Shades of Gray: District of Columbia Combined Reporting Unveiled


On April 1 (fittingly), the District of Columbia’s new Mayor, Vincent G. Gray, unveiled his proposed budget, B19-0203 “Fiscal Year 2012 Budget Support Act of 2011” (Budget Bill), which includes the long-awaited/feared combined reporting provisions.1 In a twist unique to the District, D.C. Act 18-255 “Fiscal Year 2010 Budget Support Act of 2009” instructed the Council of the District of Columbia to enact – but did not actually enact – mandatory unitary combined reporting for purposes of calculating the District’s franchise tax. The combined reporting legislation contemplated by D.C. Act 18-255 was to be effective for tax years beginning after December 31, 2010, but the Council did not consider substantive combined reporting legislation until it was included in the Budget Bill. If the Budget Bill passes as-is, the District will formally adopt a combined reporting regime effective retroactively to tax years beginning after December 31, 2010.

Discussed below are the issues raised by the proposed combined reporting regime, including questions raised by the unique tax aspects of the District, such as its net income tax on unincorporated businesses.
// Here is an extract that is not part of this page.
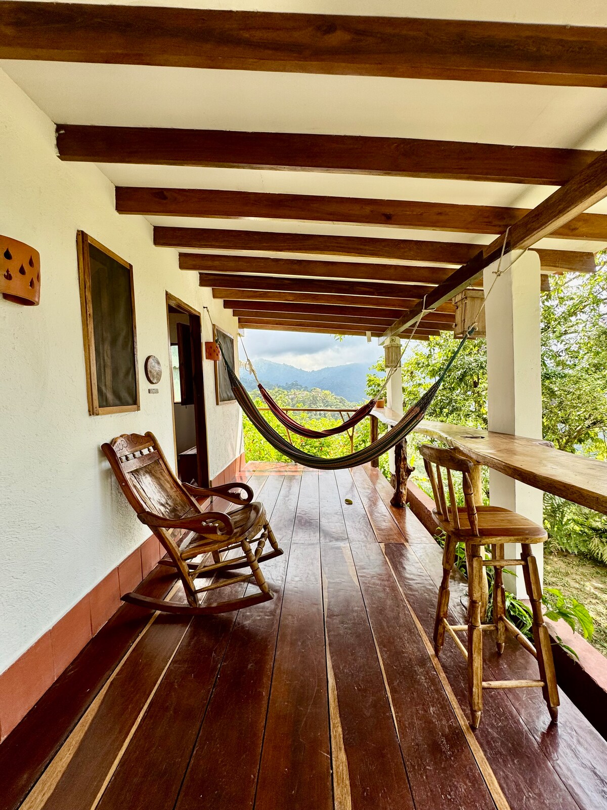 Welcome to our charming Deluxe Room at Hostal Magdalena! Guachaca is one of our most spacious rooms with a balcony with a hammock and air conditioning. It shares a bathroom with one other room. You can choose between a king-size bed or two single beds. For 60,000 COP, a trundle bed can be added for a third person (breakfast included). It includes a full breakfast and Sierra Nevada coffee in the morning.

Issues Raised by the Budget Bill’s Provisions

Most but not all of the District’s proposed combined reporting provisions are adopted from the Multistate Tax Commission’s (MTC) Model Statute for Combined Reporting.

Definition of Unitary

The Budget Bill’s definition of “unitary business” is taken directly from the definition found in the MTC’s Model Statute.2 This definition is an abridged version because the MTC intended a more robust definition to be included in an adopting state’s regulations. Significantly, the District’s proposed definition lacks any type of ownership requirement for inclusion in the unitary group.